By comparing R. setigera gene sequences with those of related rose species that have previously been sequenced, the project aims to elucidate the unique phenotypes of R. setigera. Future work will involve sequencing the entire R. setigera genome to further investigate gene transcription and expression. Participants will gain practical experience in obtaining biological sequence data, performing sequence comparisons in existing databases, and utilizing tools in Python and bioinformatics at the UWEC Blugold Center for High Performance Computing.
Computer Science Projects at UW-Eau Claire
Evaluation of DNA Methylation Markers using Machine Learning Algorithms
This project examines DNA methylation, a key process that impacts gene accessibility and expression by adding methyl groups to cytosines in DNA (Moore, 2013). Participants will develop a scalable deep-learning framework to analyze high-dimensional genomic datasets, aiming to identify methylation sites in the human genome associated with tumors. The program will focus on implementing a dynamic feature selection algorithm, utilizing techniques such as the ANOVA F-test and Random Forest to extract relevant features, followed by creating a diagnostic prediction model using a fully connected deep neural network.

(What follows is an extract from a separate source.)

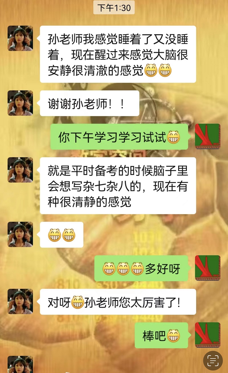 本期团辅以员工自愿报名的形式,通过腾讯会议开展,中美教研室教师王新星、公司学工办主任刘施施和近20位应化中美班员工参加。在团辅中,孙雪梅老师通过团体催眠的方式,引导同学们完全放松,将注意力关注在自己的感觉上,逐渐疏解身心压力,自我赋能。团辅后,部分同学反映:做完辅导训练,自己心情平静,大脑活跃,思路清晰,极大地减少了自己的考研焦虑、提高了学习效率。

The program will commence with a two-week introduction to machine learning, followed by two weeks on deep learning fundamentals. Data from the Cancer Genome will be utilized for model construction, leveraging the Blugold Center for High Performance Computing (BCHPC) at UWEC to manage the high dimensionality of datasets, which can include up to 485,000 methylation sites per sample.
Deep Learning for Diagnosis of Pancreatic Cancer to Advance Patient Healthcare
Pancreatic Ductal Adenocarcinoma (PDAC) is one of the most aggressive cancers, with a 5-year survival rate of only 6%. As the number of cases continues to rise, this project at the University of Wisconsin-Eau Claire (UWEC) explores advanced imaging and deep learning techniques to improve the diagnosis of PDAC. Participants will begin by learning essential image processing techniques, including normalization and DICOM format handling. In later stages, they will build a UNet-based Convolutional Neural Network (CNN) to analyze CT scan images from public datasets such as the Medical Segmentation Decathlon and the Cancer Imaging Archive.

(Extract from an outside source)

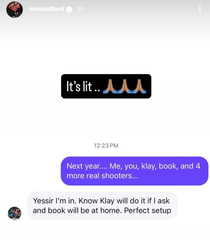 릴라드는 "내년에 나와 커리, 데빈 부커, 클레이 탐슨과 4명의 슈터를 추가해 3점 콘테스트를 펼치자!"라고 말했고, 커리는 "좋아! 탐슨도 내가 물어보면 참여할 거고, 부커도 홈에서 열리는 경기이기 때문에 출전할 거야. 완벽한 명단이다"라고 답했다.

The project emphasizes hands-on experience with deep learning models and the use of GPU nodes on UWEC’s BCHPC cluster. Participants will gain practical knowledge in both computational techniques and their application to improving patient outcomes in healthcare.
Using Dynamic Feature Selection (DFS) to Address Cyber Threats
As cyber threats continue to evolve, it becomes crucial to develop adaptable and efficient detection methods for malicious internet traffic. At the University of Wisconsin-Eau Claire (UWEC), this project focuses on utilizing Dynamic Feature Selection (DFS) to address the challenges of threat detection. Traditional machine learning methods for cybersecurity often struggle with highly imbalanced datasets and large feature dimensions, which can limit real-time detection capabilities. To overcome these challenges, this project applies DFS techniques to automate feature reduction, improving computational efficiency and predictive performance.
Participants will explore DFS methods, including Univariate Feature Selection, Correlated Feature Elimination, Gradient Boosting, and Wrapper Methods. These techniques will be applied to well-known cybersecurity datasets such as NSL-KDD and UNSW-NB15, forming the basis for a machine learning pipeline that enhances the detection of harmful internet traffic. Teachers will spend the first two weeks learning machine learning algorithms and the remaining time building the DFS strategy, training models, and optimizing hyperparameters.